THE world is bracing itself to counter the impact of the coronavirus contagion and Pakistan is no different. According to the United Nations, Pakistan could be one of the countries that will likely be struck hardest by the economic fallout of the virus pandemic.

The government has projected the Covid-19 economic losses to be in the range of Rs2 trillion to Rs2.5tr and job losses are estimated to be 12 million to 18.5m. The nation’s GDP growth is estimated to contract – for the first time in 68 years – by at least 1.5 per cent and fiscal deficit to shoot up to 9.2pc or above this financial year. The long-term job losses are estimated to be up to six million with temporary unemployment to be about 12.5m owing to the virus lockdown.

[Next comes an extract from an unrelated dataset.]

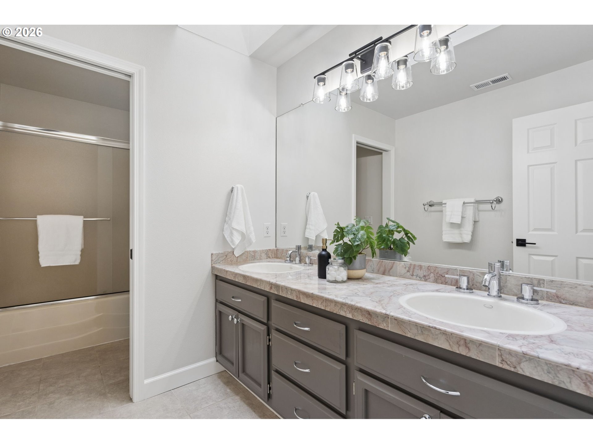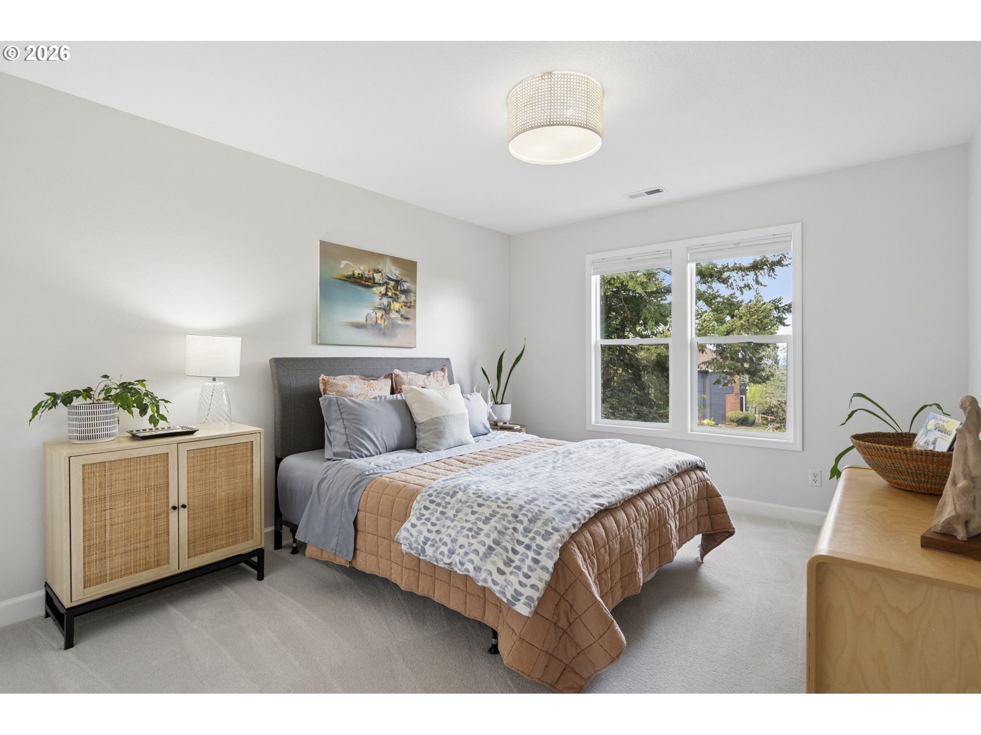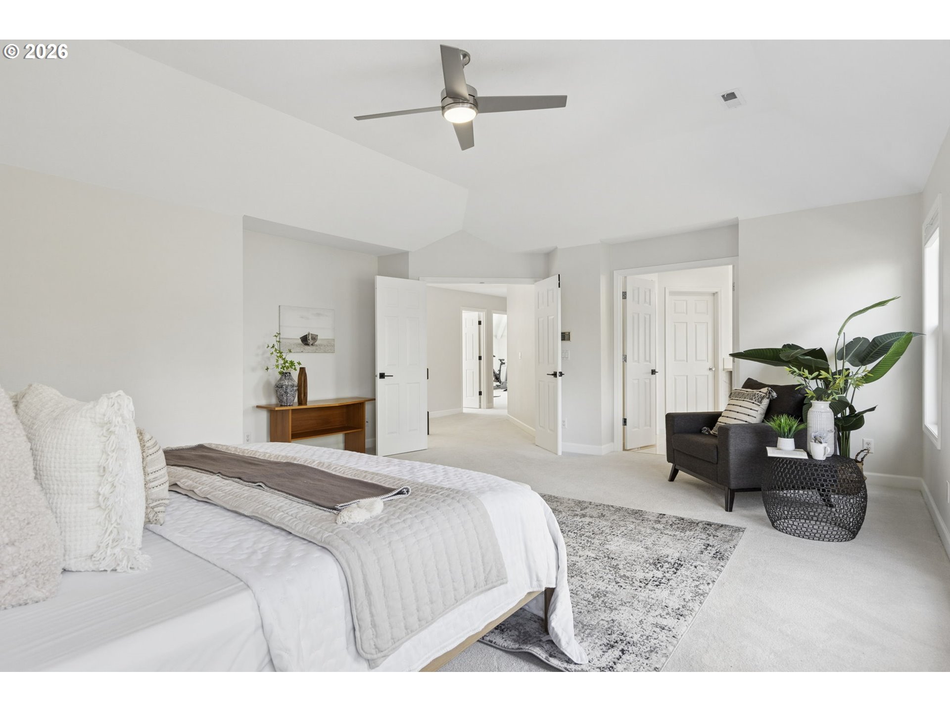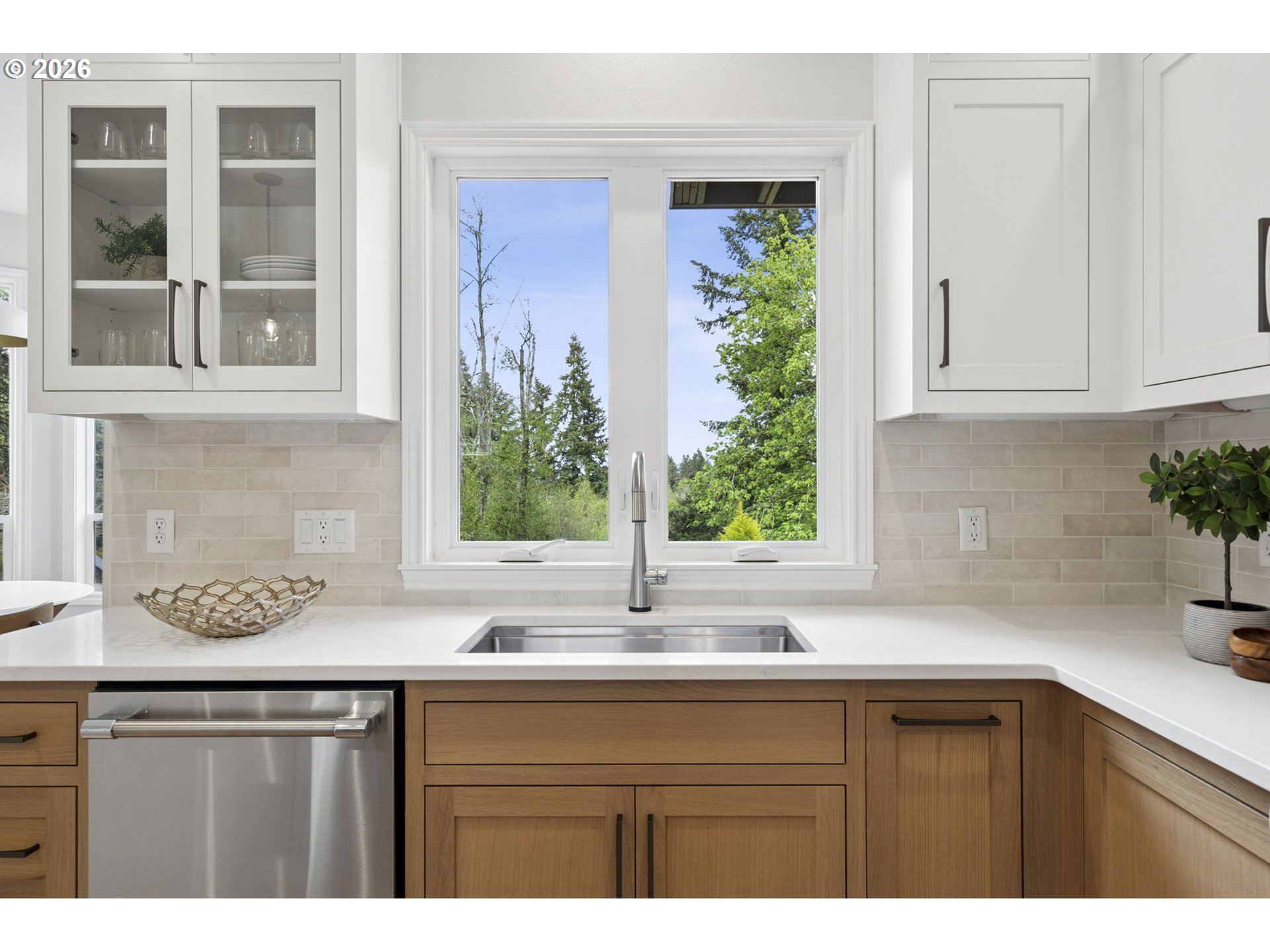 This beautifully updated home sits atop Skyline Ridge with unobstructed mountain views. Hardwood floors span the main level, leading into a brand-new kitchen with white oak cabinetry, quartz counters, and Thermador stainless steel appliances. A built-in speaker system provides seamless Bluetooth audio for cooking and entertaining. The kitchen opens to a great room with a gas fireplace and sliding doors to an upper deck overlooking the spacious 0.26-acre yard. Upstairs features three guest bedrooms (one staged as a bonus room), a full bath, and a luxurious primary suite with vaulted ceilings, new carpet, panoramic views of Mount Hood and Mount Adams, and a private balcony. French doors open to a fully remodeled en suite with a walk-in shower, double sinks, soaking tub, and elegant tile. The daylight basement includes a wine cellar, theater room, recreation area with pool table and wet bar, plus a fifth bedroom and full bath—ideal for multi-generational living. Sliding doors lead to a large lower deck with gas hookup for grilling. The backyard features a zonal sprinkler system & strategic uplighting of the home & landscaping. Just down the street you will find Skyline Ridge Park with tennis courts, basketball, playground & more. Skyline Ridge also has a community pool which residents in this neighborhood can join if they would like for an annual fee. Please ask your realtor for a list of updates & amenities for an in depth look at all the high end systems that were put into this home. This home is impeccably maintained and thoughtfully updated. A lot of fun memories were had at this home over the last 28, and now it's ready for you.

GDP is likely to modestly recover by 2pc in the next financial year, says the State Bank of Pakistan (SBP). The public debt is expected to increase from 85pc to around 90pc of GDP at the end of this year, reversing the progress made earlier to contain it under the painful reforms dictated by the International Monetary Fund (IMF). The Fund, however, says the public debt will subsequently drop gradually over the next five years.

The government has partially reopened the economy in addition to implementing a raft of measures to support businesses and transfer cash into the hands of the 12m poor across the country. Besides, it has given a generous relief package for the construction industry to revive some growth and save millions of low-paid, temporary jobs. The fiscal and policy measures announced will cost an additional Rs500bn over a period of several months.

‘If the government doesn’t give us wage grants, every firm, small or large, will have to eventually lay off people; no company will borrow to pay its workers while losing money’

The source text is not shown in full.